Winging it with 3D printing
Within the NYU Applied Math Lab, the researchers 3D printed wings that could be flapped mechanically, for a series of comparative tests. The channels of these wings were then filled with dyes, i.e., fluorescein and rhodamine, for flow visualization inside a water tunnel. After recording the movement of each 3D printed wing, its shape was iteratively improved using an evolutionary algorithm.
Such experiments began in 2015 to demonstrate a scheme that modifies the cross-sectional shape of the speed of wings or hydrofoils – a lifting surface that operates in water) in forward heaving-and-plunging flight.
“This ‘survival of the fastest’ process automatically discovers a quickest teardrop-shaped wing that most effectively manipulates the flows to generate thrust,” explained Professor Ristroph.
“Because we explored a large variety of shapes in our study, we were also able to identify exactly what aspects of the shape were most responsible for the strong performance of the fastest wings.”
A new wave
The NYU team found that the fastest wing shape has a razor-thin aerodynamic surface (trailing edge). This enables strong vortices or “swirling flows” during flapping.

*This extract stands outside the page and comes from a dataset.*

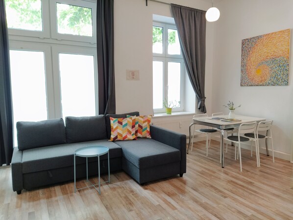Lovely, newly furnished studio. The main living area has a comfortable queen size bed (160x200), a couch that can be converted into a double bed (140x200), and a wardrobe. All our duvets are single duvets.

“We view the work as a case study and proof-of-concept for a much broader class of complex engineering problems, especially those that involve objects in flows, such as streamlining the shape to minimize drag on a structure,” added Ristroph.

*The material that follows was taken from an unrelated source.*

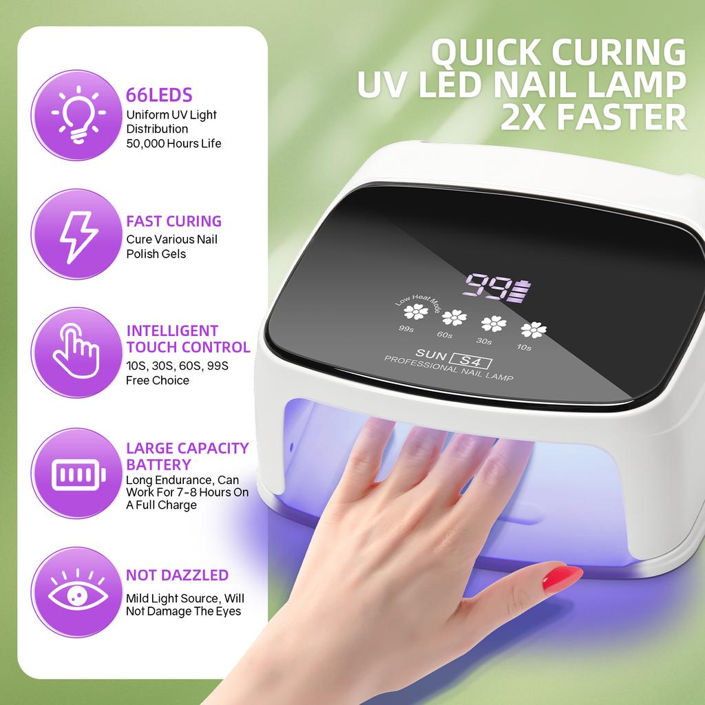 288 Вт 66 светодиодов УФ лампа-сушилка для ногтей для сушки ногтей, гель-лака, профессиональная лампа для полимеризации, для маникюра, 4 таймера, ЖК-дисплей, инструменты

“We think this could be used, for example, to optimize the shape of a structure for harvesting the energy in water waves.”
“Improving the propulsion speed of a heaving wing through artificial evolution of shape” is co-authored by Sophie Ramananarivo, Thomas Mitchel, and Leif Ristroph.
![An experiment revealing ideal airfoil shapes for flapping flight, with the flows generated at the front part of the wing [red] and the rear [green] visualized using fluorescent dyes. Image via NYU.](https://3dprintingindustry.com/wp-content/uploads/2019/01/image.img_.480.high_.jpg)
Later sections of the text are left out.